- Records from a data source
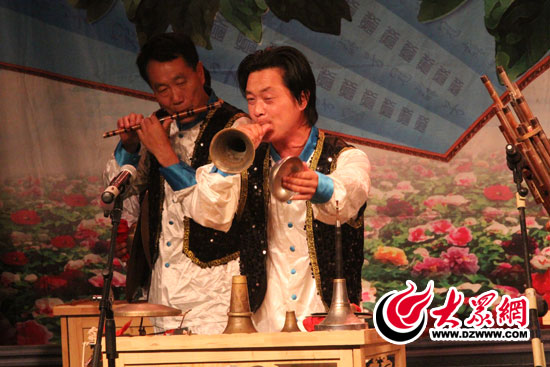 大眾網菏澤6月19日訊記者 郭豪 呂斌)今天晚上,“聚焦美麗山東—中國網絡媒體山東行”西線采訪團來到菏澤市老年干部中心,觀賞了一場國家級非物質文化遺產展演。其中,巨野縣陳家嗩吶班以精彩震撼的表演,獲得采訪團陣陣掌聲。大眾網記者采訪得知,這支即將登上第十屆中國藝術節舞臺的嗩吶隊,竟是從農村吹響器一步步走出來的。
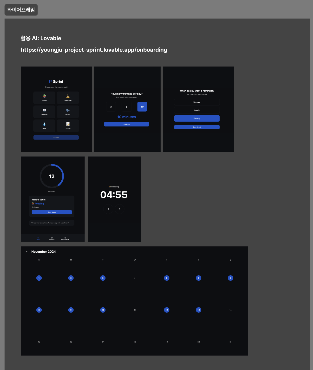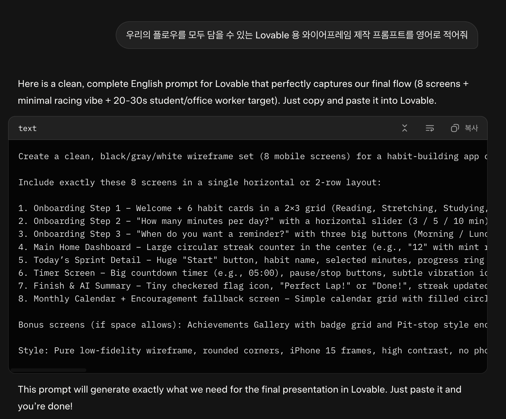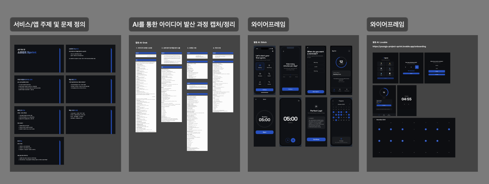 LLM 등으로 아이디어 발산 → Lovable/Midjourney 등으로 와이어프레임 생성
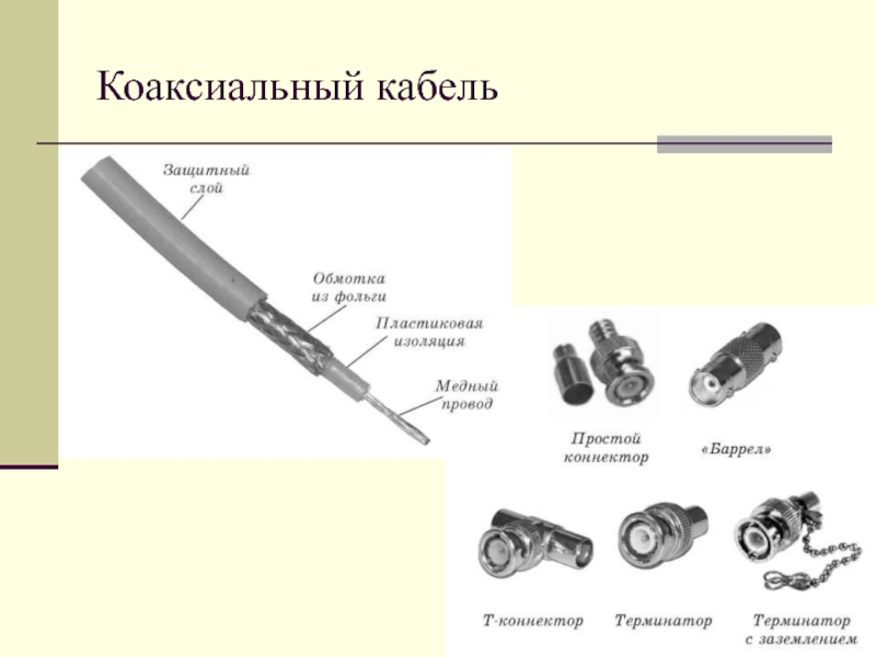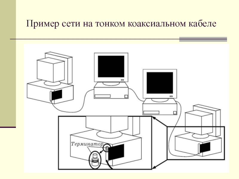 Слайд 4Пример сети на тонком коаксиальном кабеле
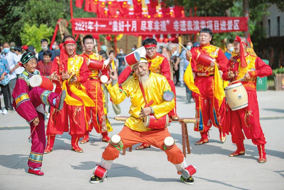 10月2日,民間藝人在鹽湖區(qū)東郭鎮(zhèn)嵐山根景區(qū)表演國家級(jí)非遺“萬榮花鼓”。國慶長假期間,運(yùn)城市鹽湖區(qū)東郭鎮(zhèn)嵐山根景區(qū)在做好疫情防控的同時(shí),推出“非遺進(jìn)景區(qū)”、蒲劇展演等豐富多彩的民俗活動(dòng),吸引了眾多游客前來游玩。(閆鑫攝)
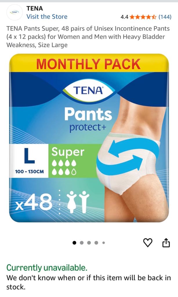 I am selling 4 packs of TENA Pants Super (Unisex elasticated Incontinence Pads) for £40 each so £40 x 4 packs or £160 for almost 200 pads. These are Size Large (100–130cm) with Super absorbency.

- WHAT YOU ARE ASKED TO DO
Print every entry verbatim and leave all pictures out.

- SOLUTION FOR THIS EXERCISE
 大眾網菏澤6月19日訊記者 郭豪 呂斌)今天晚上,“聚焦美麗山東—中國網絡媒體山東行”西線采訪團來到菏澤市老年干部中心,觀賞了一場國家級非物質文化遺產展演。其中,巨野縣陳家嗩吶班以精彩震撼的表演,獲得采訪團陣陣掌聲。大眾網記者采訪得知,這支即將登上第十屆中國藝術節舞臺的嗩吶隊,竟是從農村吹響器一步步走出來的。
 LLM 등으로 아이디어 발산 → Lovable/Midjourney 등으로 와이어프레임 생성
 Слайд 4Пример сети на тонком коаксиальном кабеле
 10月2日,民間藝人在鹽湖區(qū)東郭鎮(zhèn)嵐山根景區(qū)表演國家級(jí)非遺“萬榮花鼓”。國慶長假期間,運(yùn)城市鹽湖區(qū)東郭鎮(zhèn)嵐山根景區(qū)在做好疫情防控的同時(shí),推出“非遺進(jìn)景區(qū)”、蒲劇展演等豐富多彩的民俗活動(dòng),吸引了眾多游客前來游玩。(閆鑫攝)
 I am selling 4 packs of TENA Pants Super (Unisex elasticated Incontinence Pads) for £40 each so £40 x 4 packs or £160 for almost 200 pads. These are Size Large (100–130cm) with Super absorbency.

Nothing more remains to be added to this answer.